Improving cognition in people with neuropsychiatric disorders remains a major clinical target. By themselves pharmacological and non-pharmacological approaches have shown only modest effects in improving cognition. In the present study we tested a recently-proposed methodology to combine CT with a ‘cognitive-enhancing’ drug to improve cognitive test scores and expanded on previous approaches by delivering combination drug and CT, over a long intervention of repeated sessions, and used multiple tasks to reveal the cognitive processes being enhanced. We also aimed to determine whether gains from this combination approach generalised to untrained tests. In this proof of principle randomised-controlled trial thirty-three healthy volunteers were randomised to receive either modafinil or placebo combined with daily cognitive training over two weeks. Volunteers were trained on tasks of new-language learning, working memory and verbal learning following 200 mg modafinil or placebo for ten days. Improvements in trained and untrained tasks were measured. Rate of new-language learning was significantly enhanced with modafinil, and effects were greatest over the first five sessions. Modafinil improved within-day learning rather than between-day retention. No enhancement of gains with modafinil was observed in working memory nor rate of verbal learning. Gains in all tasks were retained post drug-administration, but transfer effects to broad cognitive abilities were not seen. This study shows that combining CT with modafinil specifically elevates learning over early training sessions compared to CT with placebo and provides a proof of principle experimental paradigm for pharmacological enhancement of cognitive remediation.

Introduction

Cognition is impaired in a number of neurodevelopmental and neuropsychiatric disorders – schizophrenia being a classical example. These impairments contribute to poor functional outcomes (Green, 1996) and act as rate limiting factors for psychosocial interventions (Green et al., 2004). Accordingly, there is a strong need to develop methodologies that can reliably enhance cognitive functioning. Both non-pharmacological therapies (Dahlin et al., 2008a, Klingberg, 2010) and pharmacological compounds have been shown to improve a range of cognitive functions in healthy individuals (Husain and Mehta, 2011) as well as in neuropsychiatric populations such as schizophrenia (Barch and Carter, 2005, Harvey, 2009, Wykes et al., 2011), however, there have been only modest effects from these individual approaches.

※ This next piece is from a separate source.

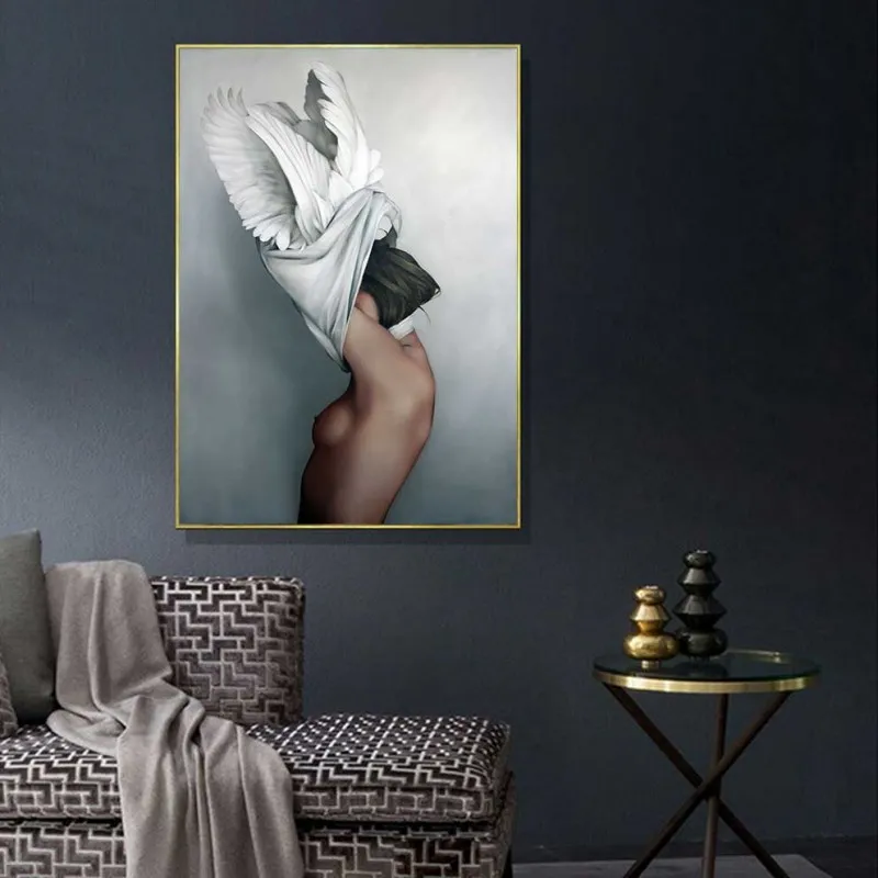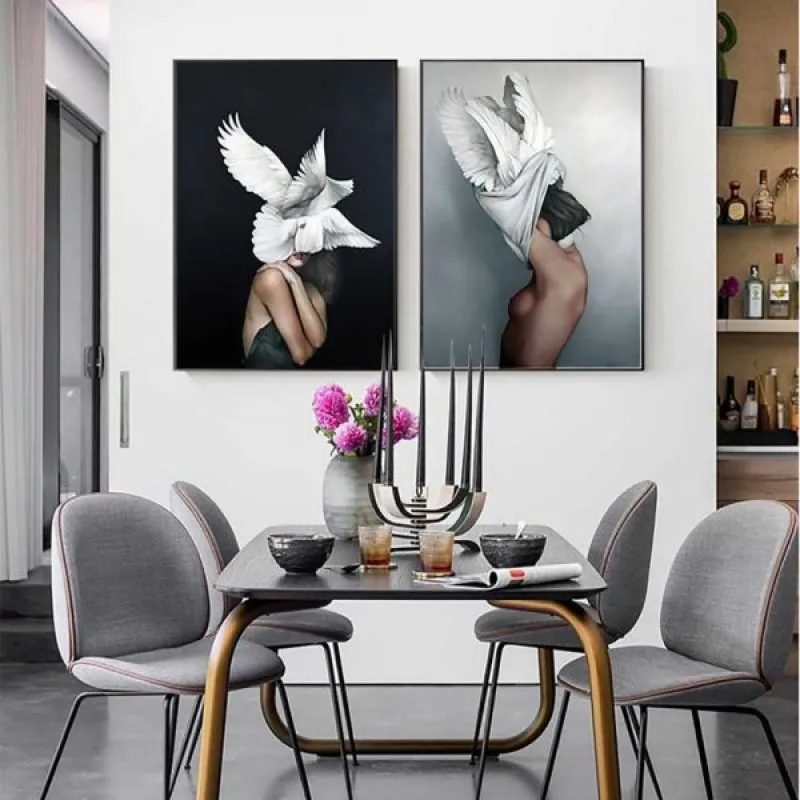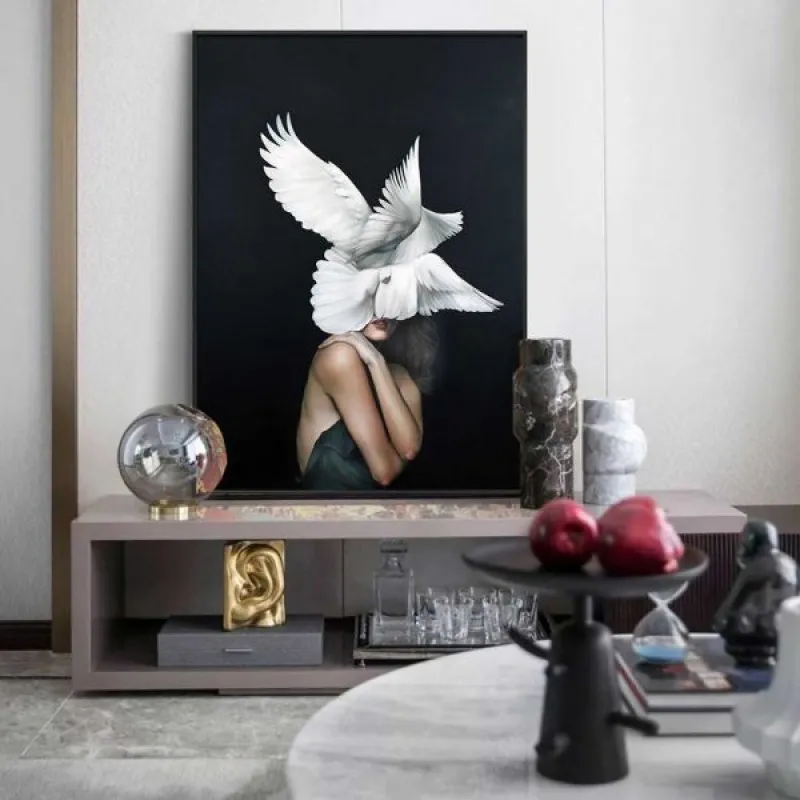 Tranh chân dung cô gái khỏa thân và những con chim bồ câu thay thế như là một chiếc mũ lông trông rất ấn tượng, tranh có những sắc màu sáng tối rõ ràng rất phù hợp với căn nhà có thiết kế hiện đại đơn giản với các sắc đen trắng làm tôn vinh lên vẻ đẹp và sự sang trọng cho căn nhà.

Combining pharmacological and non-pharmacological methods may improve functioning beyond that achieved by either approach alone (Swerdlow, 2012) however, there are only a few controlled proof-of-principle studies in healthy volunteers or in patient samples, where a focus has been on addressing motor and language recovery after stroke. For example, L-dopa improves motor rehabilitation after stroke (Scheidtmann et al., 2001) and amphetamine enhances language learning in patients with post-stroke aphasia (Walker-Batson et al., 2001). Both of these compounds also elevate performance in an artificial language learning task in healthy volunteers when combined with repeated testing compared to placebo with repeated testing (Breitenstein et al., 2004, Knecht et al., 2004). Hence combining pharmacological compounds with task exposure or training, relative to combining with placebo, enhances functioning and may produce comparable effects in either promotion of recovery or elevation of functioning in healthy people relative to exposure to the functional component alone (or with placebo).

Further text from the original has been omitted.